A method, system and computer program product are presented for causing a parallel load/store of stride-separated words from a data vector using different memory chips in a computer.

Description

    BACKGROUND OF THE INVENTION
  • 1. Technical Field
  • The present disclosure relates to the field of computers, and specifically to management of data for programs running on computers. Still more particularly, the present disclosure relates to loading and storing data vectors.

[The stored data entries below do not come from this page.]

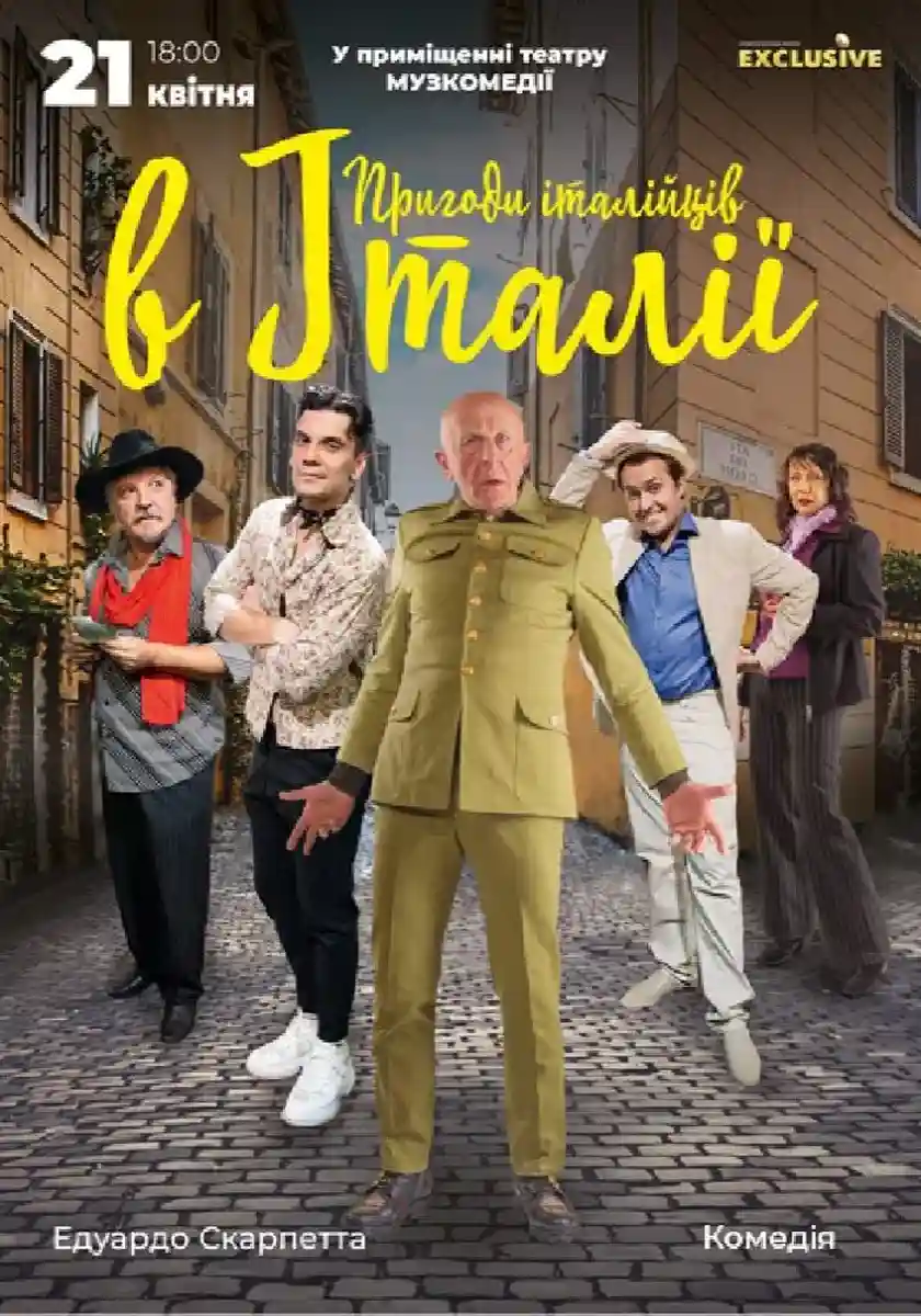 Головокружительная итальянская комедия, которая заставит смеяться до слез! Неудержимый юмор, каскад абсурдных ситуаций и блестящая игра звезд украинского театра и кино — все это в постановке «Приключения итальянцев в Италии»!
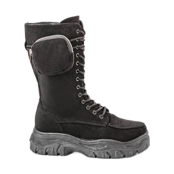Calçados esteticamente feitos, lisos e pretos são perfeitos para os dias mais frios de primavera ou outono. O isolamento quente certamente funcionará nos dias mais frios, garantindo o conforto dos seus pés. O conforto também é complementado por fechos sólidos - atacadores e zíper, que facilitam o ajuste do calçado às necessidades individuais.
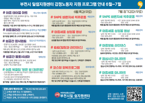 감정노동자의 건강증진과 일상 회복을 위한 문화예술, 신체활동 프로그램인 세움 강좌는 감정노동자의 스트레스에 의한 근골격계 질환 예방 및 통증 완화를 위한 ‘SNPE’, 동료와 함께하는 ‘라인댄스’, 감정노동 심리적 회복 ‘미니하프’와 ‘싱잉볼명상’ 과정 참가자를 모집한다.
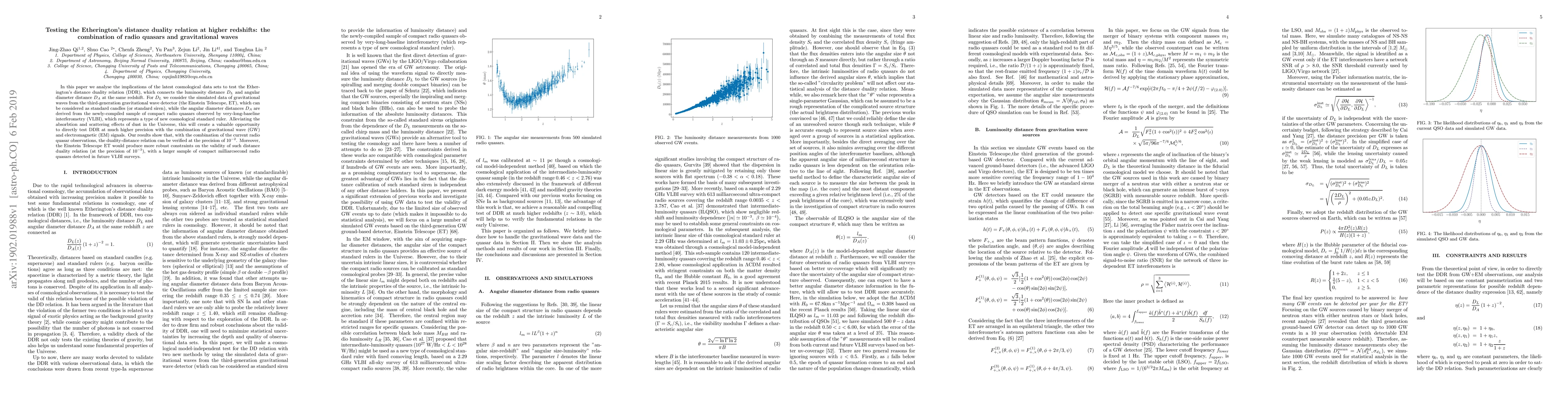 This paper tests Etherington's distance duality relation using gravitational wave data from the Einstein Telescope and radio quasar observations from VLBI, achieving a precision of $10^{-2}$ and promising even higher precision of $10^{-3}$ with future data.
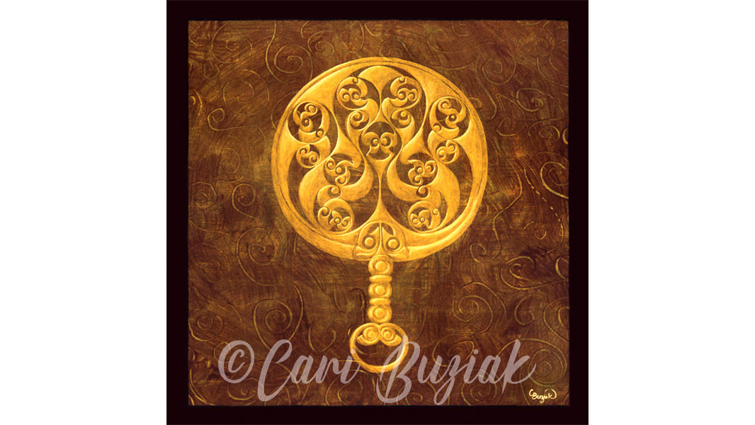 This was an idea that I had been wanting to work on for a while. The artwork design is based on the Holcombe Mirror, from the late La Tene era. The mirror image sits on a background of hazy spirals and swirls in dark umber and metallic gold shimmer. It's a very different style than what I've worked in so far, and I'm extremely happy with the way it turned out. This painting was framed in a gold wood frame, without glass, giving it a lovely gold edging around the spiral background.
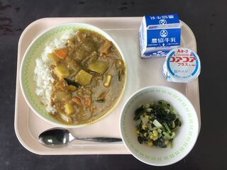 麦ごはん 牛乳 秋野菜のツナカレー 青大豆とワカメのサラダ ヨーグルト
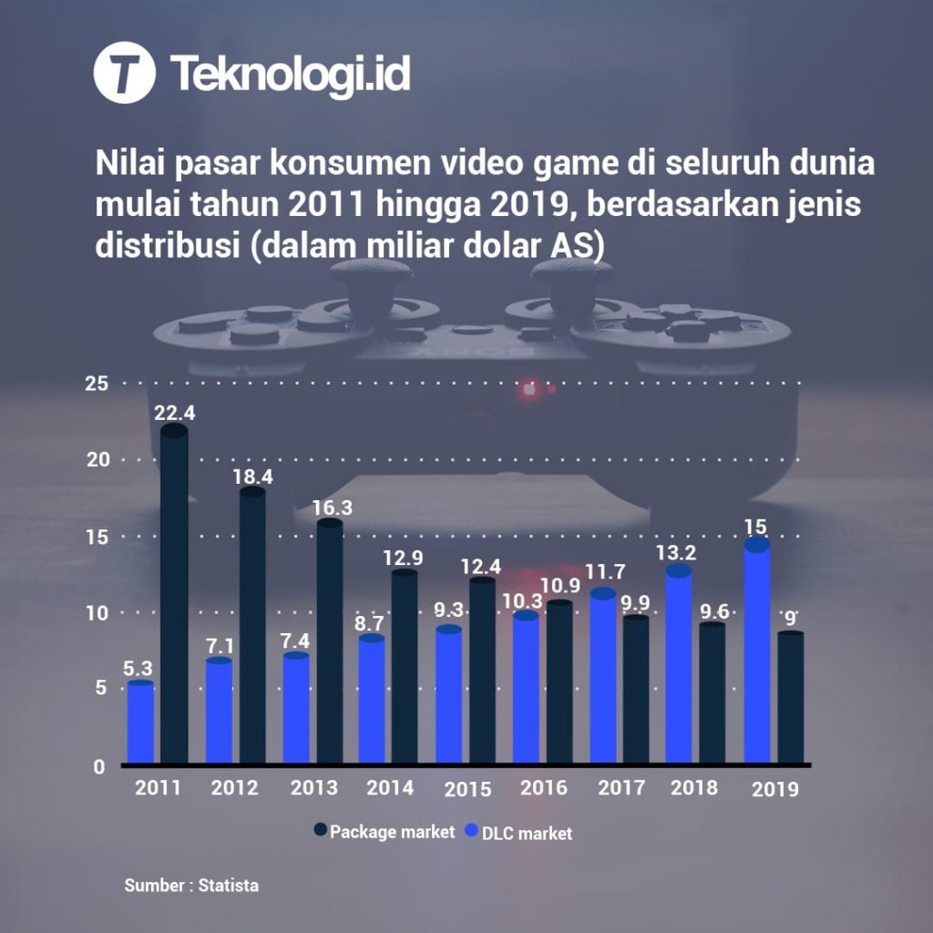 Artikel ini telah tayang di http://statista.com dengan judul "Video game consumer market value worldwide from 2011 to 2019, by distribution type (in billion U.S. dollars)", https://www.statista.com/statistics/292460/video-game-consumer-market-value-worldwide-platform/
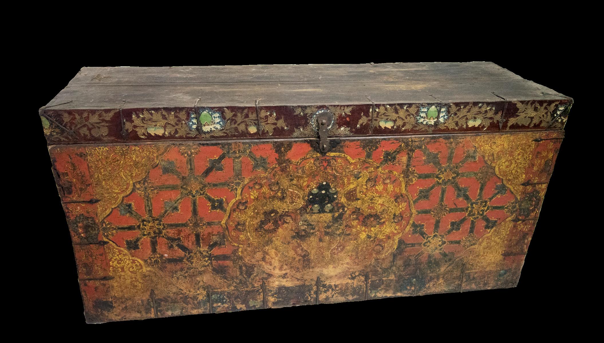 Highly-Embellished Trunk with a Front-Facing Dragon at Center 18th-19th Century Himalayan
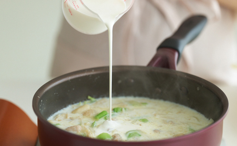 乳製品は沸騰させると分離してしまう可能性があるので、あまりぐつぐつさせないようにしましょう。特に生クリームは分離しやすいので、最後の方に加えるのがベストです。
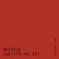 Цвет #B33026 в цветовой модели RGB обозначается тремя октетами (179, 48, 38) в десятичном формате и #B33026 в шестнадцатиричном (hex) формате, которые являются интенсивностью красного 179 (hex B3), интенсивность зелёного 48 (hex 30) и интенсивность синего 38 (hex 26).
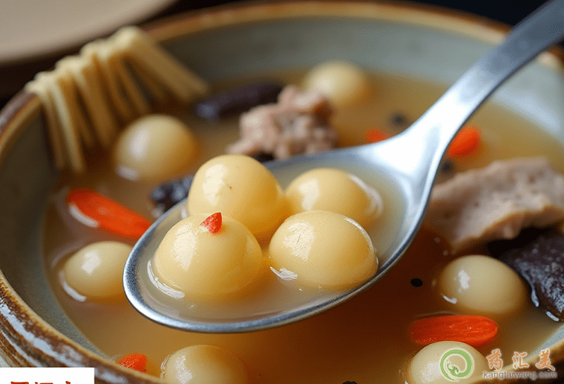 3、鍋上火,加入高湯,燒開后勾玻璃芡,將拌好的烏龜?shù)暗谷胲蜏佒校瑹_后,淋香油,撒上香菜、胡椒粉即成。香菜、胡椒粉亦可不入鍋,上桌時裝味碟備用。
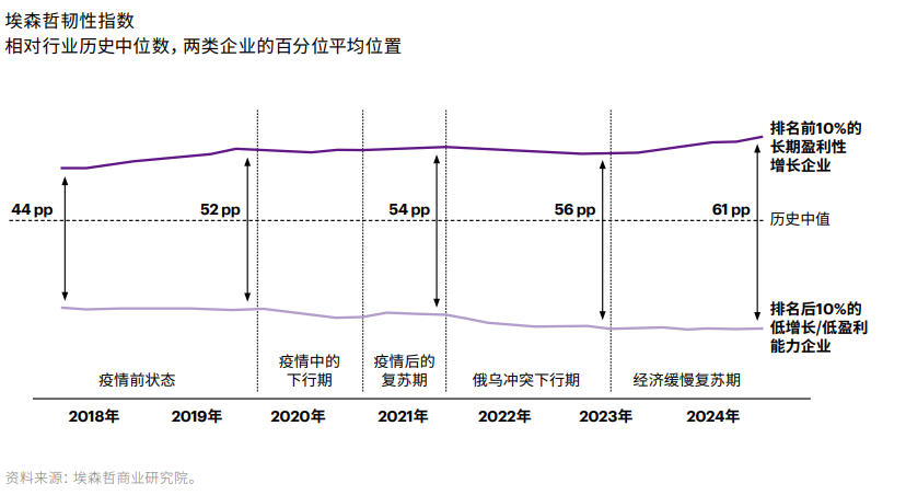图二 卓越绩效企业在颠覆时期保持稳固增长并扩大优势
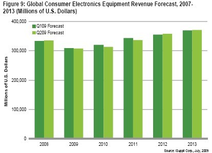 預(yù)計(jì)全球消費(fèi)電子營(yíng)收仍將下降8.2%,從2008年的3,350億美元下降到約3,080億美元。但iSuppli估計(jì)2010年市場(chǎng)將開(kāi)始復(fù)蘇,營(yíng)收將增長(zhǎng)2%,達(dá)到3,140億美元。預(yù)計(jì)未來(lái)五年將實(shí)現(xiàn)持續(xù)增長(zhǎng),到2013年達(dá)到3,700億美元。
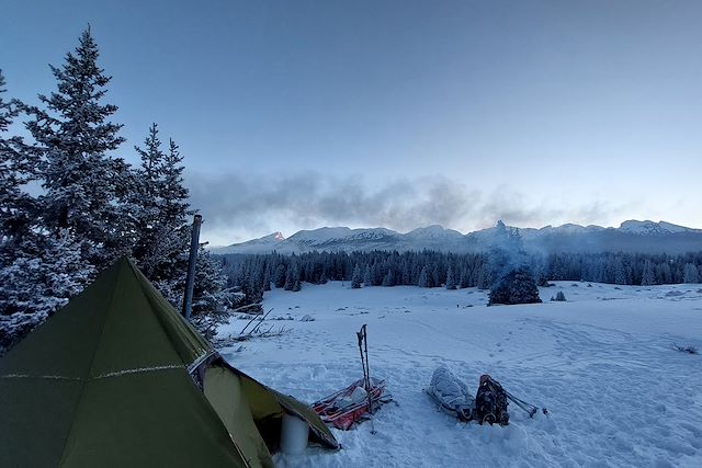 Il faut tout de même avoir conscience du froid et de l'environnement hivernal car les 2 nuits se font en bivouac où une participation collective est demandée pour monter/démonter le camp.
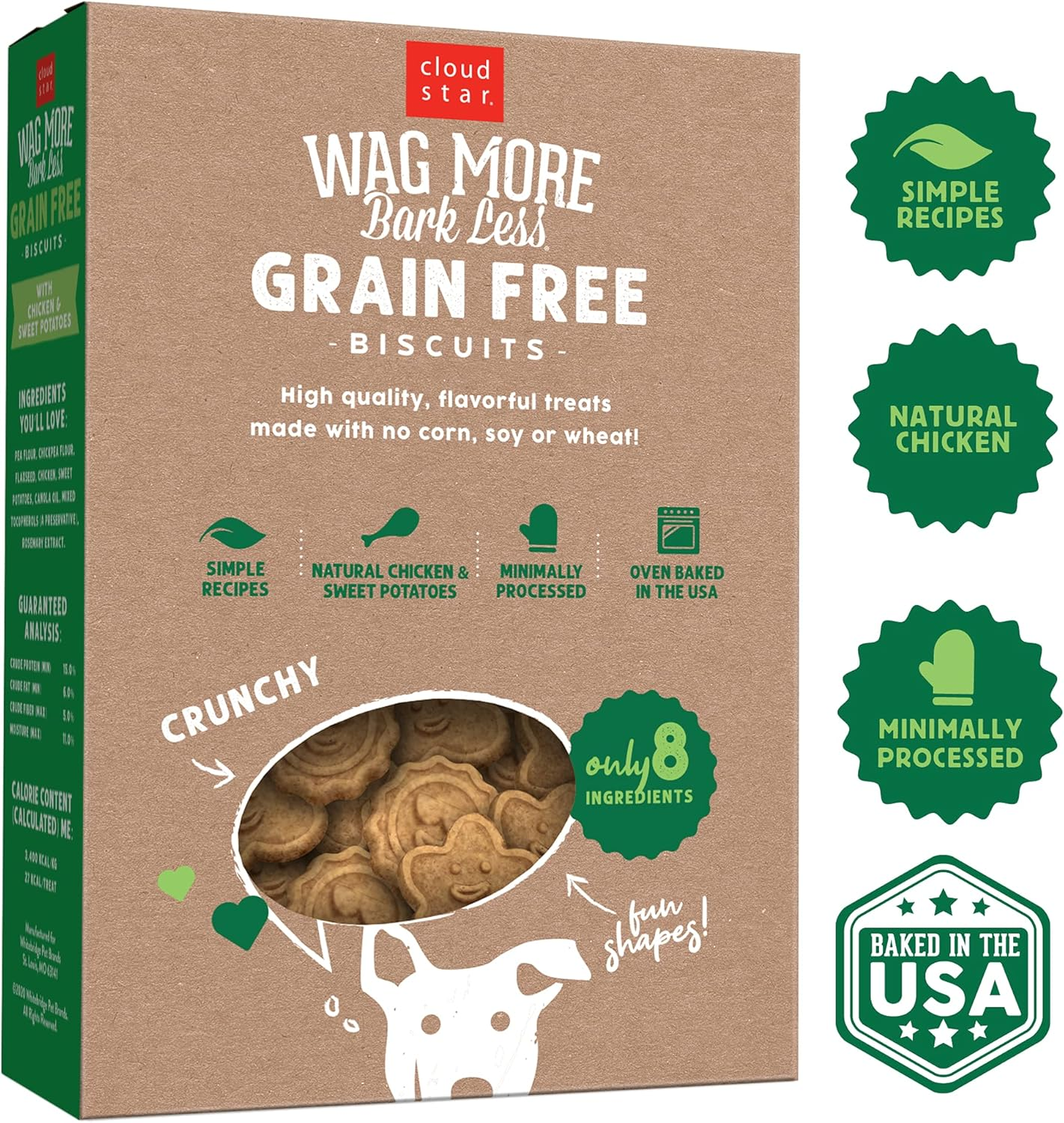 Cloud Star Wag More Bark Less - Dog Treats - Crunchy Biscuits - Grain Free Chicken & Sweet Potato
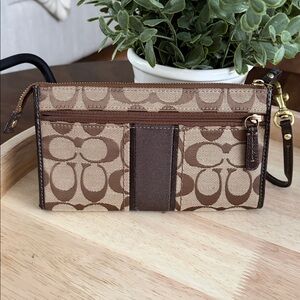 Coach Signature strip Zippy Wallet/Wristlet
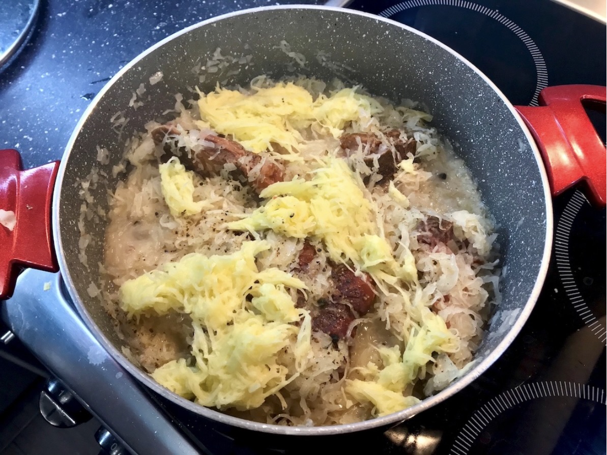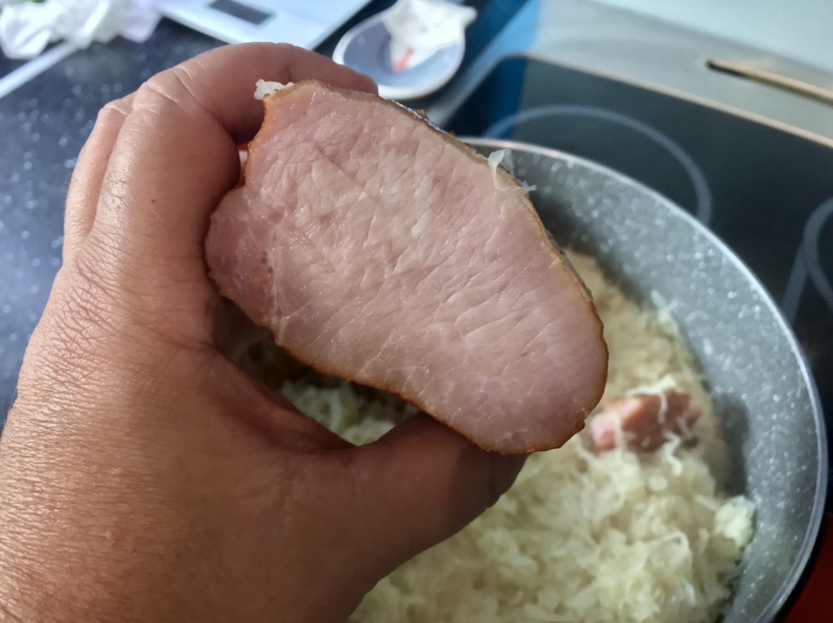 Duszenie schabu: Po 15 minutach włóż kawałek surowego wędzonego schabu do garnka, a następnie przykryj go kapustą. Całość dobrze posyp pieprzem, przykryj garnek i duś na wolnym ogniu przez kolejne 45 minut.
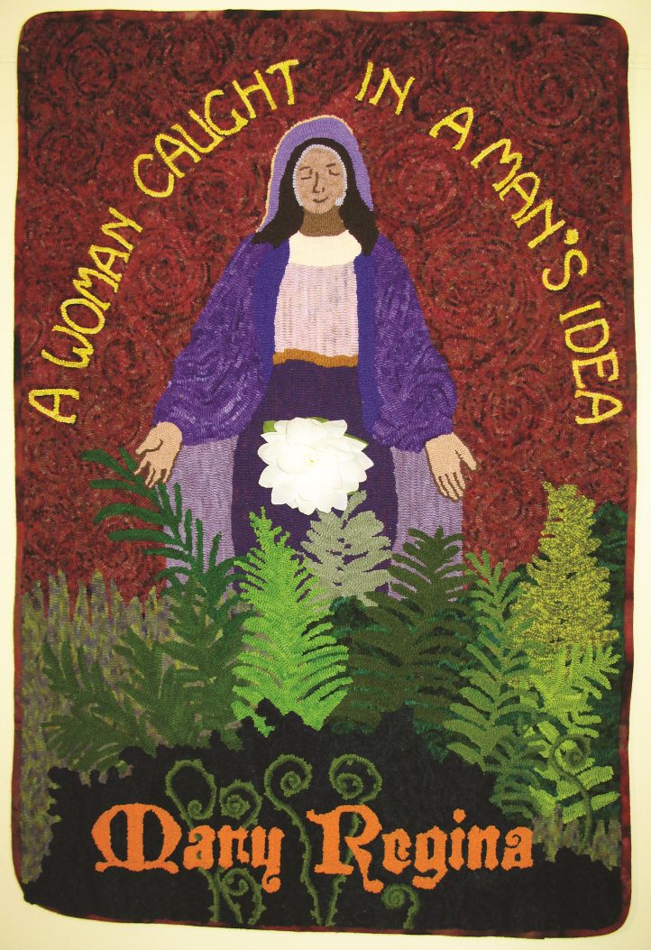 Mary Regina is represented in her most traditional pose. I used a statue outside of our local Catholic church for inspiration. I have strong feelings about the role women have traditionally held throughout the history of Christianity, and I conveyed them in both the words of this rug and its imagery. Mary is standing among ferns to convey her earthiness, and an artificial lotus blossom located at her pelvis conveys the pureness and perfection of her role in history. The background is a deep red spot-dyed wool to remind the viewer of blood, of the effort of bringing forth life, and of the glorious passion needed to sustain it.

  • 2. Description of the Related Art
  • Data used by computer programs is stored in and accessed from system memory in a computer. Typically, data in system memory is stored in a single memory chip. Oftentimes, the data is in the format of an array of data, which is often referred to as a data vector. In order to retrieve (i.e., load) the array of data from system memory, a processor will re-execute a single instruction multiple times, such that each re-execution loads a next unit of data from the data vector. This process, and use of a single memory chip, results in a lengthy wait and a high use of processing power whenever data from a data vector is needed by the processor.
  • SUMMARY OF THE INVENTION
  • To address the issues described above, a method, system and computer program product are presented for causing a parallel load/store of stride-separated words from a data vector using different memory chips in a computer.
  • The above, as well as additional purposes, features, and advantages of the present invention will become apparent in the following detailed written description.
  • BRIEF DESCRIPTION OF THE DRAWINGS
  • The novel features believed characteristic of the invention are set forth in the appended claims. The invention itself, however, as well as a preferred mode of use, further purposes and advantages thereof, will best be understood by reference to the following detailed description of an illustrative embodiment when read in conjunction with the accompanying drawings, where:
  • FIG. 1 depicts an exemplary computer in which the present invention may be implemented;
  • FIG. 2 illustrates additional detail of a novel configuration of memory chips used in the system memory that is depicted in FIG. 1;
  • FIG. 3 illustrates an exemplary stride-segmented data vector; and
  • FIG. 4 is a high-level flow chart of exemplary steps taken to load and store strides from a stride-segmented data vector such as that illustrated in FIG. 3.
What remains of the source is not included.